AVAILABLE DATA Block Start
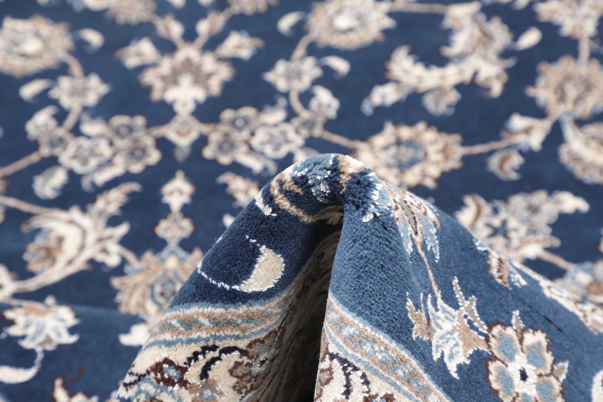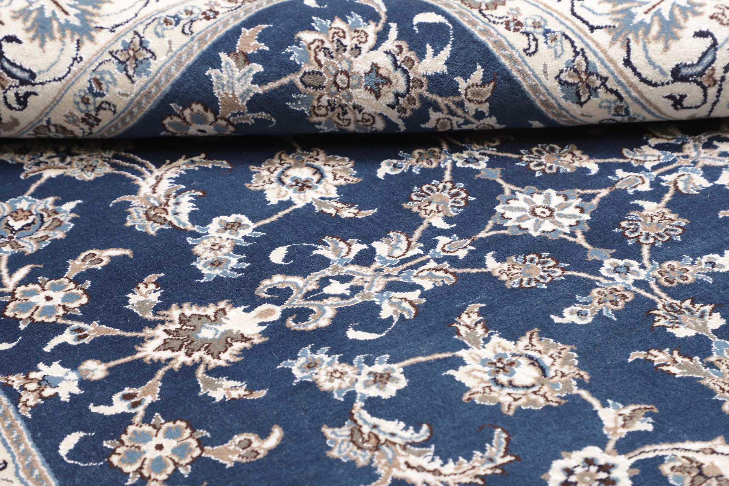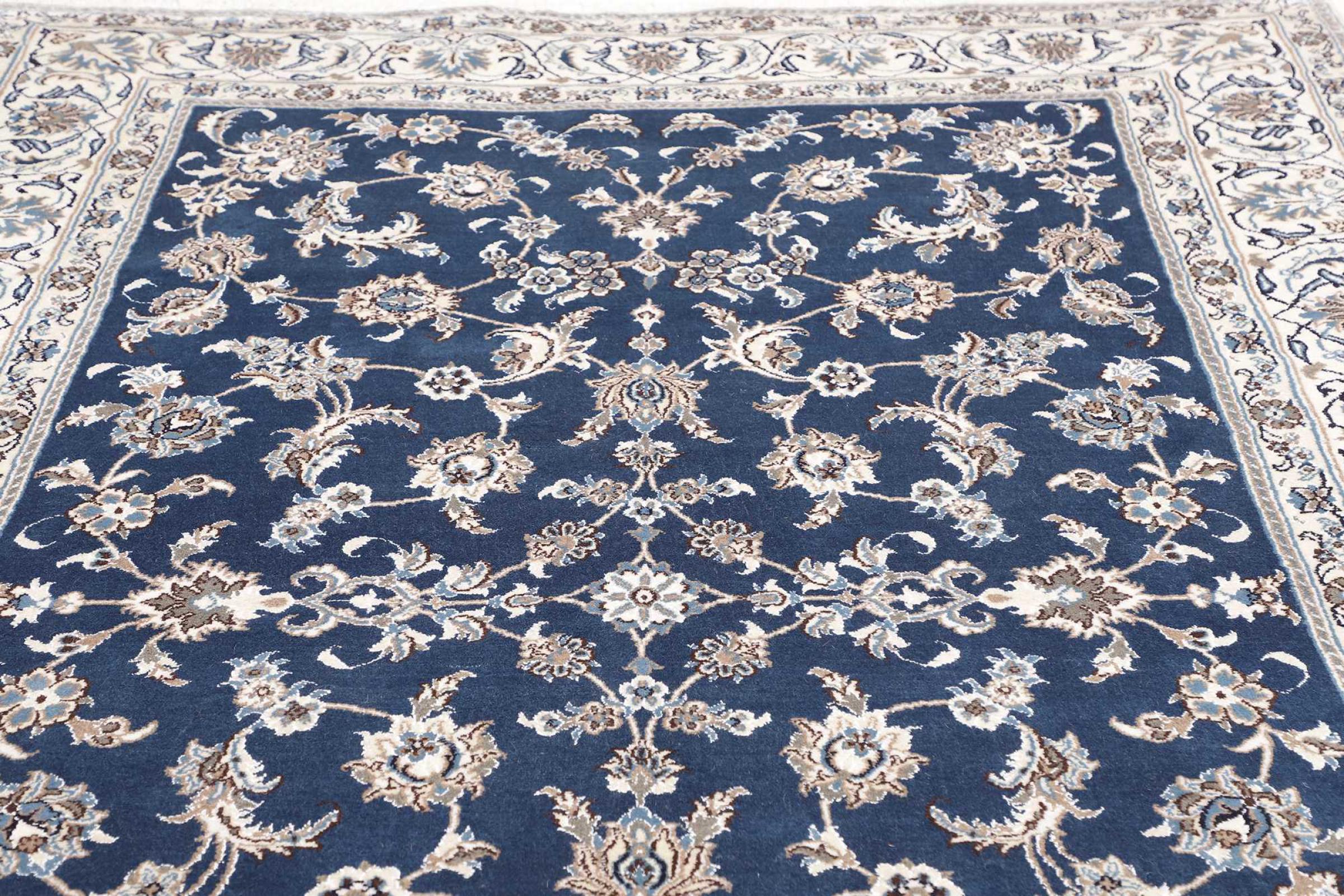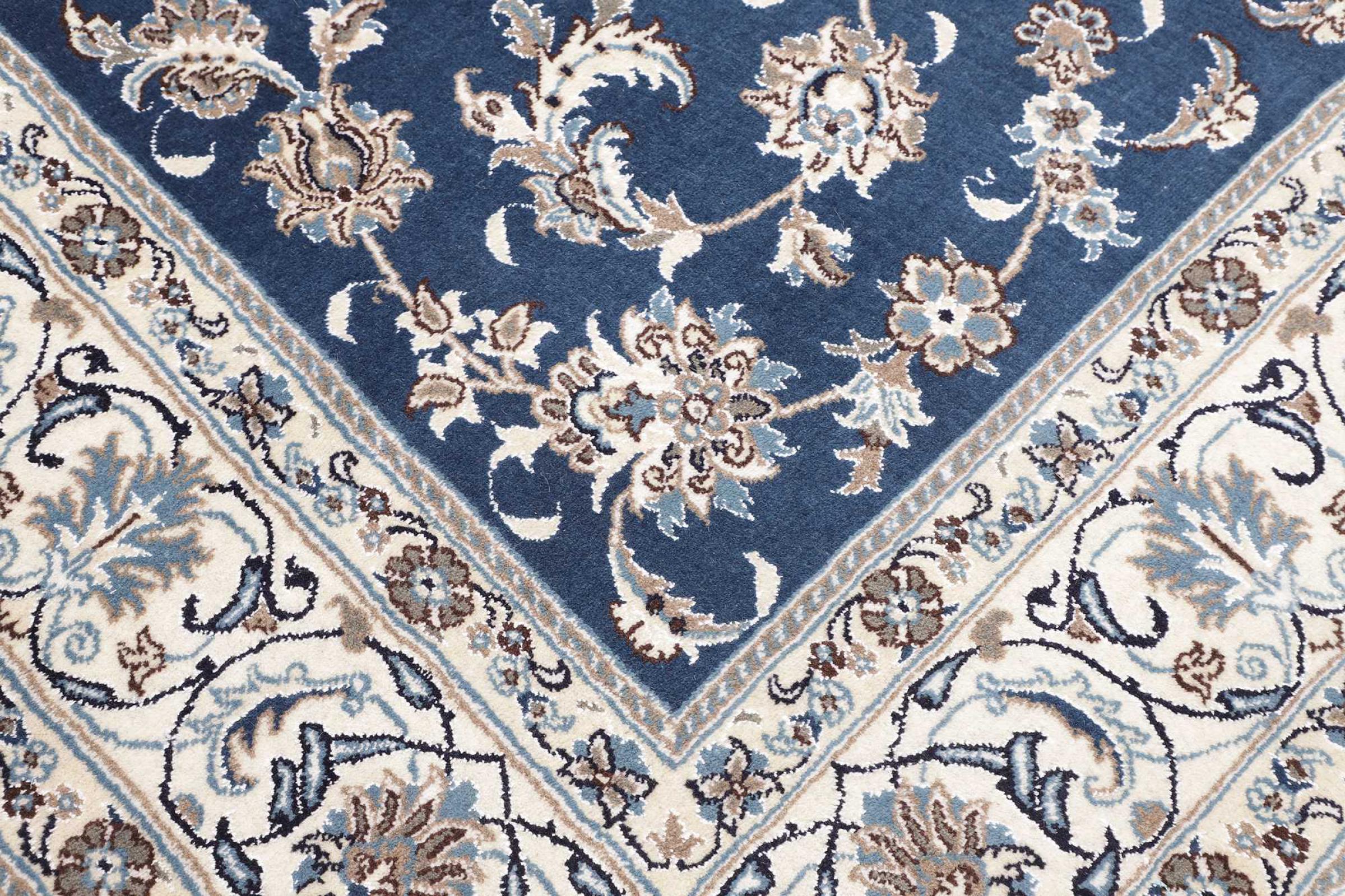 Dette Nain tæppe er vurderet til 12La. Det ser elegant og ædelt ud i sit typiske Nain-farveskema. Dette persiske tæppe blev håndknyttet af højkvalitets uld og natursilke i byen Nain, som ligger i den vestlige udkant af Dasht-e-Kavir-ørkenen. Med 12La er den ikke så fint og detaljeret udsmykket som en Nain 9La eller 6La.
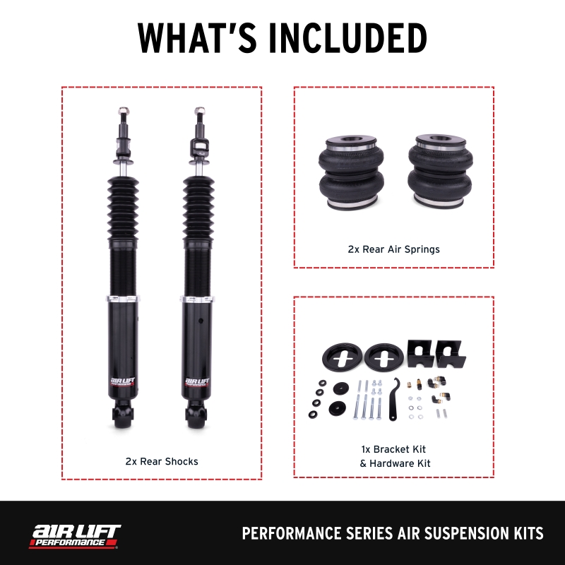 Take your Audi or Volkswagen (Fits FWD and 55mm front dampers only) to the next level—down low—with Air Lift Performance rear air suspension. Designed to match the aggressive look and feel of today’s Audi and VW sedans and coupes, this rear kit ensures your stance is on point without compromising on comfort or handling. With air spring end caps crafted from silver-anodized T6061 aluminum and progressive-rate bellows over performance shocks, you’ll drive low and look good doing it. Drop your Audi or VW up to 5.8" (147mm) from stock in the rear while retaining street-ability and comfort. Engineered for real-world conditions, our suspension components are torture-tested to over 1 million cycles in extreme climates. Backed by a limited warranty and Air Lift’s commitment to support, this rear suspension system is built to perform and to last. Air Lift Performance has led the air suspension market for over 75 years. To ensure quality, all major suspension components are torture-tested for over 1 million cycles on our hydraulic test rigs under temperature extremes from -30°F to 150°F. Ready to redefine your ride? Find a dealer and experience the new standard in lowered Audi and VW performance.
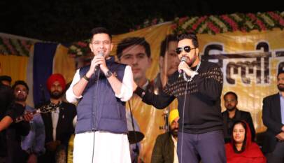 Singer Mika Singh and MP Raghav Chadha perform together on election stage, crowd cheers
AVAILABLE DATA Block End
* **BRIEF**: Transcribe the listing exactly; skip the pictures.

* **TASK RESULT**:
 Dette Nain tæppe er vurderet til 12La. Det ser elegant og ædelt ud i sit typiske Nain-farveskema. Dette persiske tæppe blev håndknyttet af højkvalitets uld og natursilke i byen Nain, som ligger i den vestlige udkant af Dasht-e-Kavir-ørkenen. Med 12La er den ikke så fint og detaljeret udsmykket som en Nain 9La eller 6La.
 Take your Audi or Volkswagen (Fits FWD and 55mm front dampers only) to the next level—down low—with Air Lift Performance rear air suspension. Designed to match the aggressive look and feel of today’s Audi and VW sedans and coupes, this rear kit ensures your stance is on point without compromising on comfort or handling. With air spring end caps crafted from silver-anodized T6061 aluminum and progressive-rate bellows over performance shocks, you’ll drive low and look good doing it. Drop your Audi or VW up to 5.8" (147mm) from stock in the rear while retaining street-ability and comfort. Engineered for real-world conditions, our suspension components are torture-tested to over 1 million cycles in extreme climates. Backed by a limited warranty and Air Lift’s commitment to support, this rear suspension system is built to perform and to last. Air Lift Performance has led the air suspension market for over 75 years. To ensure quality, all major suspension components are torture-tested for over 1 million cycles on our hydraulic test rigs under temperature extremes from -30°F to 150°F. Ready to redefine your ride? Find a dealer and experience the new standard in lowered Audi and VW performance.
 Singer Mika Singh and MP Raghav Chadha perform together on election stage, crowd cheers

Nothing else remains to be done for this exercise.